Below is the unedited version of my column for this week. You can read the final version at Hurriyet's authors archive- in fact, you can not: As readers let me know, my columns have not been archived since July. But I have let my editors know of the problem, and they are notifying the Dogan Media executioners to punish the wrongdoers:)...
Coming to comments: First, you should be relieved to see that the titles are as cheesy as ever:) I have been eying for an opportunity to use the V for Vendetta title for a long time, as it is my favorite movies; last week's rally was the perfect opportunity. Second, I have provided more details on the Treasury's latest eurobond reopening at an entry on Friday. Finally, I have more on a false sense of fiscal responsibility at last week's column as well as at a separate entry.
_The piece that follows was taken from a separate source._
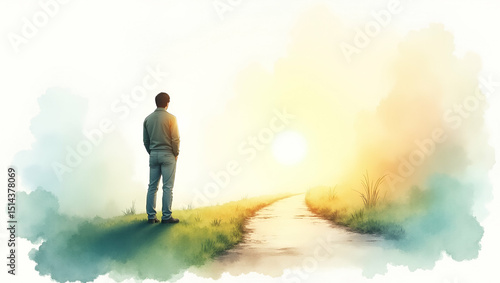 Inspirational Imagery of Individual Contemplating Career Possibilities Outdoors at Symbolic Crossroads - Photo Stock Concept with Empty Space for Text on Left Side

BTW, from this week on, I will have the weekly column posted to the blog at the first minute of the new week. Daily News uploads the new day's news at around 2-2.30am or so; this way, I am providing a small reward for followers of my blog.
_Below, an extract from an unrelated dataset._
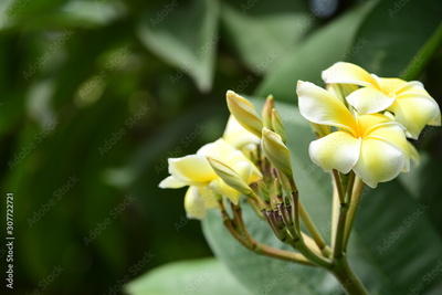 Colorful white flowers in the garden. Plumeria flower blooming.

The global theme of last week was the return of the V-recovery, which led to across-the-board 2009 peaks for many asset classes.
But when you look at the details, you notice that the sharp recovery that many are betting on is not based on firm fundamentals: Signs of stabilization in US housing and labor markets are tentative at best. Corporate earnings reports were not only slightly better than dire expectations and based on belt-tightening rather than genuine improvement (in fact revenues carry on with their sustained declines), they were also coming from the second quarter, when green shoots were sprouting. In any case, Turkish assets had a swell week, and the Treasury, as opportunistic as ever, tapped international markets once again at their zenith.
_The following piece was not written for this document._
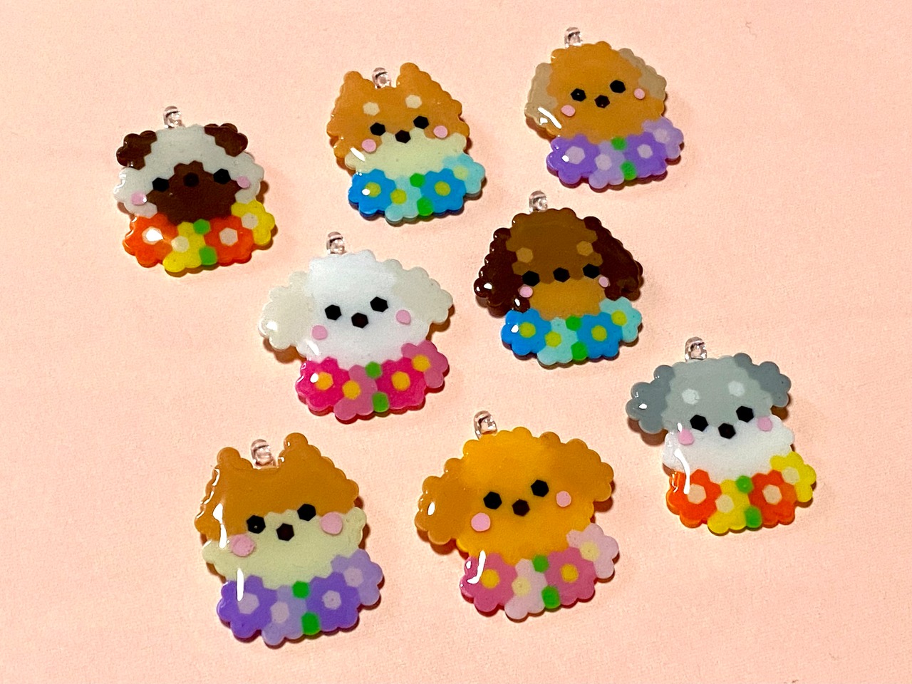 アイロンビーズとレジンで作られた、ピカピカかわいい花輪ワンちゃんのキーホルダーです!愛らしい子犬のデザインは、あなたの毎日を明るく彩ります。スマホのストラップやカバンのチャームとしてもおすすめのアイテムです!

Maybe it is just me, but I just fail to see how a sustained and strong recovery would take place while banks are still in need of repair in the sense that toxic assets have just been brushed under the carpet and money is parked in central banks rather than lent to the real sector. In that sense, while it is always fun to ride the risk wave waves, I can not help but heed Nouriel Roubini’s (aka Dr. Doom) warnings that what we may be seeing is the first upward leg of a W rather than a V with a vengeance.
Although homegrown banks do not have toxic assets and in many ways are sounder than their (formerly) glorious Western counterparts, a comparable play is going on in Turkey as well, with the only difference being Central Bank liquidity parked at the Treasury in terms of government bonds rather than back at the Central Bank. In a similar fashion, markets have started seeing solely the good in almost any news, whether it be the knockoff fiscal measures or latest tourism statistics, or choosing to ignore the data when there is nothing positive to be found, as in Istanbul Chamber of Industry’s (ISO) annual Turkey’s Top 500 Industrial Enterprises survey.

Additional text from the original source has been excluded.